There has been a certain struggle to find scriptural warrant for the privileging of marriage over all other forms of human relationship, and its apparent status as a sacrament of such importance that different understandings are worth splitting the church; and this has been a struggle largely because scripture has very little to say about marriage, and much of what it says is not especially positive. The Hebrew scriptures present no theology of marriage; it is simply a phenomenon of social life, which sometimes work out and sometimes doesn’t. In those letters which are unquestionably authored by Paul, the closest he gets to an endorsement of marriage is the grudging admission that if some people feel like they really have to do it, they might as well go ahead, and try to treat each other decently within that framework. Jesus manages on the one hand to prohibit divorce, and on the other to tell people to leave their wives and children for the sake of the gospel, two sayings not particularly easy to reconcile, as well as speaking positively of those who choose to be “eunuchs,” whether by this he means voluntary celibacy, gender nonconformity, or something else which we do not, at this historical remove, quite understand.
(A note: throughout this post, I will not take up in detail the question of what the various writers mean when they use the word “marriage.” The word has never referred to one, single, clearly-understood thing, it did not then and it does not now, and the insistence upon talking about “marriage” as if we all know what we mean by the word is the source of some of our problems. But this is a matter for another time.)
The scriptural basis for the contemporary theology of marriage comes down to basically three things – Ephesians 5:22-33; the use of marital imagery in the writings of some of the Hebrew prophets; and Jesus’s occasional use of bridegroom imagery. The latter two, though obviously not prescriptive, or even really descriptive in any simple sense, are seen to endorse the apparently sacramental vision of marriage expressed by the author of Ephesians, although it is not clear that they really do so. To a very large extent, the theologizing of marriage is built on the single prop of Ephesians 5:32, one verse in a letter of disputed authorship, another verse of which (6:5) was historically used to justify slavery. It is possibly a weak foundation.
It cannot be denied that Ephesians 5:31-32 — “For this reason a man will leave his father and mother and be joined to his wife, and the two will become one flesh.This is a great mystery, and I am applying it to Christ and the church” — has been tremendously influential. The author’s use of the word mysterion is almost the sole rationale for considering marriage as a sacrament. It is incorporated into the wording of the marriage liturgy in every recension of the Book of Common Prayer, and in nearly all contemporary-language Anglican marriage liturgies, as well as those of many other denominations. It presents, however, one great and possibly insoluble problem – it takes for granted, and sacralizes, a gendered hierarchy of power between husband and wife.
The relationship between Christ and his church is not, and cannot be, an equal relationship; and the author of Ephesians simply assumes that marriage is comparably unequal, and therefore a good comparison. This is not surprising; in his time, a radical hierarchy of gender was, like slave-owning, an ordinary fact. Contemporary theologians who do not endorse such a hierarchy of power between men and women have fought hard to reclaim Ephesians 5:31-32, but we must be honest in admitting that this is a rescue operation which requires us to read against the obvious intention of the author.
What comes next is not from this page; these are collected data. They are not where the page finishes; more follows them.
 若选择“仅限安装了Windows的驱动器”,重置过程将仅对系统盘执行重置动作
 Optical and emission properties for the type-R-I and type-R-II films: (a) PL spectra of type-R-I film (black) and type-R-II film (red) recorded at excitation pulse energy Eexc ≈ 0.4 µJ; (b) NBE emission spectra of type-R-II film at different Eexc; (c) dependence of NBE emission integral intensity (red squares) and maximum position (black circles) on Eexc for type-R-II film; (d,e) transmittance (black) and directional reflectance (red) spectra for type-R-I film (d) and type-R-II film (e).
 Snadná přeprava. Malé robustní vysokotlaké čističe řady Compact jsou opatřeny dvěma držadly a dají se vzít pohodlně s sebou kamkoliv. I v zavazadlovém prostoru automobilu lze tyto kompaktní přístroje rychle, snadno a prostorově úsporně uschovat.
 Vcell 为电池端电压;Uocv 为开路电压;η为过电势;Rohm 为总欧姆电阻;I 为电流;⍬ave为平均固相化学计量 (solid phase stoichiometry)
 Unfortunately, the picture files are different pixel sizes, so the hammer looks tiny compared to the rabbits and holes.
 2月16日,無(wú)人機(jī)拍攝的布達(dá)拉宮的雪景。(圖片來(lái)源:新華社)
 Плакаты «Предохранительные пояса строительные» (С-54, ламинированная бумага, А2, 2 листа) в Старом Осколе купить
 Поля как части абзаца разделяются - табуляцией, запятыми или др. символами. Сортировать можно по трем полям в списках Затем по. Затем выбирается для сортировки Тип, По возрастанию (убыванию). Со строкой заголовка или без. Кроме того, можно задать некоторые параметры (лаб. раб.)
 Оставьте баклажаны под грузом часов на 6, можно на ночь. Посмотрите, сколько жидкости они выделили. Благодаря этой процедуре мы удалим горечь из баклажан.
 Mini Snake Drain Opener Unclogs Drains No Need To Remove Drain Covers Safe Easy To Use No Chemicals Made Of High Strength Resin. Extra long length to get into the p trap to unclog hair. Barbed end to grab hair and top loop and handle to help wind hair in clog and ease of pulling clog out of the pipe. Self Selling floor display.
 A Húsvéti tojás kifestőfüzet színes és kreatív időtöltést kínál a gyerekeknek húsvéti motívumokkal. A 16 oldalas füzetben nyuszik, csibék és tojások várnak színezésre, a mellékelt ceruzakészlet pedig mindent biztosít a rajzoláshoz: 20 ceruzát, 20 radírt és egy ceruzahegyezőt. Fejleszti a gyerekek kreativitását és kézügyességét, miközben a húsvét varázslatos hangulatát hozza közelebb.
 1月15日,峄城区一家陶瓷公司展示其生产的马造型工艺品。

I do not – I hope this is clear – mean by this to endorse gendered power hierarchies myself, any more than I want to endorse the institution of chattel slavery. But we must admit that, if we take these positions, we are required to bring a revisionist reading to much of the letter to the Ephesians, which presents a vision of church unity built on very strict and specific inequalities, many of which we no longer accept.
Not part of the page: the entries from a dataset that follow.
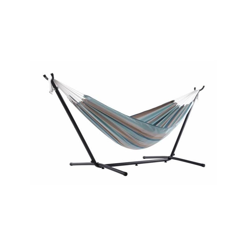 Den dobbelte hængekøje er lavet med Sunbrella-stof for at overleve hver sæson, år efter år. Det er lige så behageligt som bomuld og skaber det perfekte tilflugtssted til en eftermiddagshygge. Stativet er konstrueret af kraftigt stål og samles på få minutter uden brug af værktøj. De zinkbelagte ben forhindrer rust og plastikhætter topper enderne af stålrøret for at skabe en blød finish. Stativet giver dig frihed til at sætte din hængekøje op på den mest bekvemme placering, og den medfølgende premium bæretaske gør det nemmere end nogensinde at rejse med din nye hængekøje og stativ..
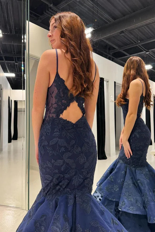 Navy Blue V Neck Mermaid Long Prom Dresses with Appliques
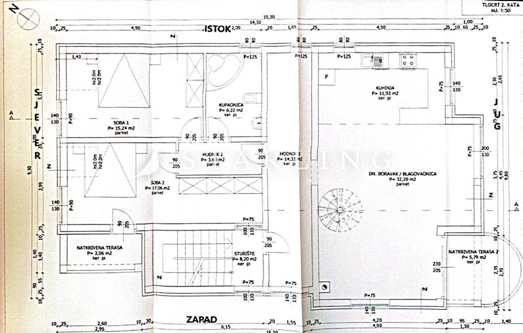- DRUGOG KATA: tlocrtno pripada dnevni boravak s blagovaonicom, kuhinja, 2 spavaće sobe, 2 natkrivene terase, 2 hodnika i stubište.
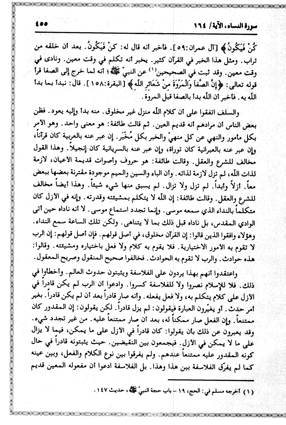 والسلف اتفقوا على أن كلام الله منزل غير مخلوق. منه بدأ وإليه يعود. فظن بعض الناس أن مرادهم أنه قديم العين. ثم قالت طائفة: هو معنى واحد. وهو الأمر بكل مأمور والنهي عن كل منهيّ والخبر بكل مخبر. إن عبر عنه بالعربية كان قرآنا، وإن عبر عنه بالعبرانية كان توراة، وإن عبر عنه بالسريانية كان إنجيلا. وهذا القول مخالف للشرع والعقل. وقالت طائفة: هو حروف وأصوات قديمة الأعيان، لازمة لذات الله، لم تزل لازمة لذاته. وأن الباء والسين والميم موجودة مقترنة بعضها ببعض معا. أزلا وأبدا. لم تزل ولا تزال. لم يسبق منها شيء شيئا. وهذا أيضا مخالف للشرع والعقل. وقالت طائفة: إن الله لا يتكلم بمشيئته وقدرته. وإنه في الأزل كان متكلما بالنداء الذي سمعه موسى. وإنما تجدد استماع موسى. لا أنه ناداه حين أتى الوادي المقدس، بل ناداه قبل ذلك بما لا يتناهى. ولكن تلك الساعة سمع النداء.
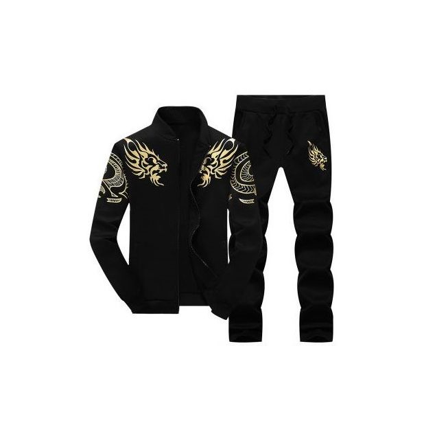 Survêtement d'extérieur sans capuche pour homme, ensemble 2 pièces veste + pantalon - Noir
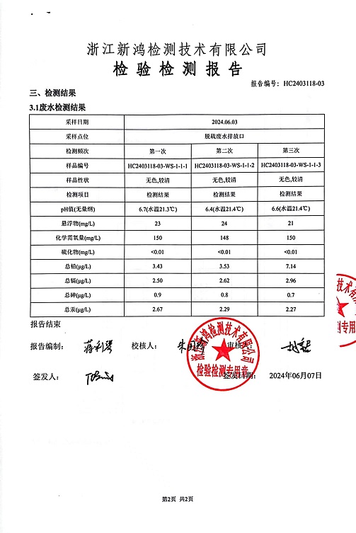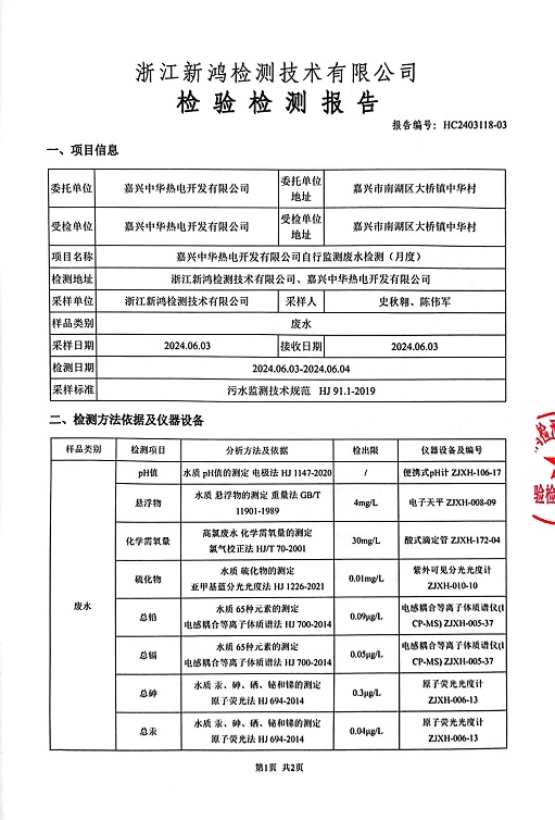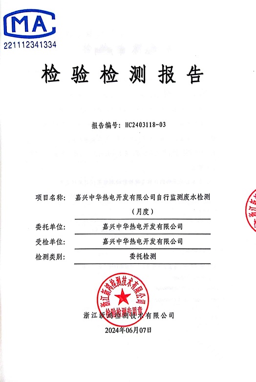 報告名稱(chēng):2024年中華熱電6月廢水檢測報告
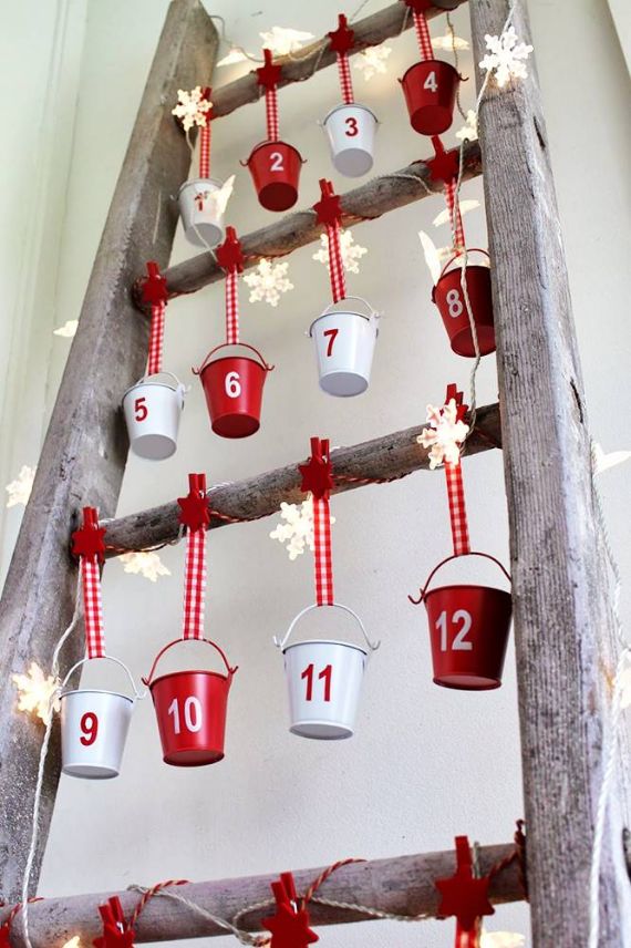 Building the ladder is pretty quick and easy, however, making the decorative ladder as an advent can be used year after year. To get started you’ll need a ladder with 25 mini harmonious set. This mini harmonious set is made of white and red cubes and hanged with decorative ribbons. To make the set look more harmonious, light garland with snowflakes have been enough to shape this original advent calendar. Via Pinterest
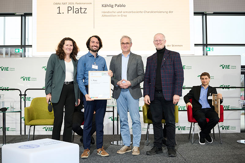 Im Rahmen der Abfallwirtschaftstagung 2026 wurde auch wieder die traditionelle Postersession abgehalten. Pablo Kählig (TU Wien) konnte das Rennen mit seinem Projekt über Alttextilien für sich entscheiden.
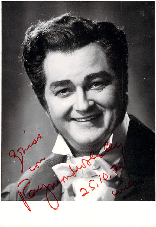 American baritone (1926-1998), signed photograph, shown in role, dated in 1973. Stamped on verso by photographer Lieske. Size is 4 x 5.75 inches, some bends, otherwise in very good condition.

One question which this raises is whether the imagery of marriage as reflecting the relationship of Christ with the church can, in fact, be reasonably retained, or whether it will always contain within it so many ghosts of gender inequity as to render it unusable. It’s interesting to see how This Holy Estate, the 2016 report of the Anglican Church of Canada’s Commission on the Marriage Canon, wrestles, albeit mostly subtextually, with some of this. On the one hand, it hopefully suggests, despite the clearly hierarchical nature of the thinking of the author of Ephesians, that we should see the relationship between Christ and the church reflected in the mutually self-giving love of the married couple, who presumably take turns being Christ and the church. On the other hand, the report also asks, “are there grounds to argue that same-sex unions cannot reflect the love of Christ for the church in the same way, and therefore their inclusion in Christian marriage would somehow modify the analogy?”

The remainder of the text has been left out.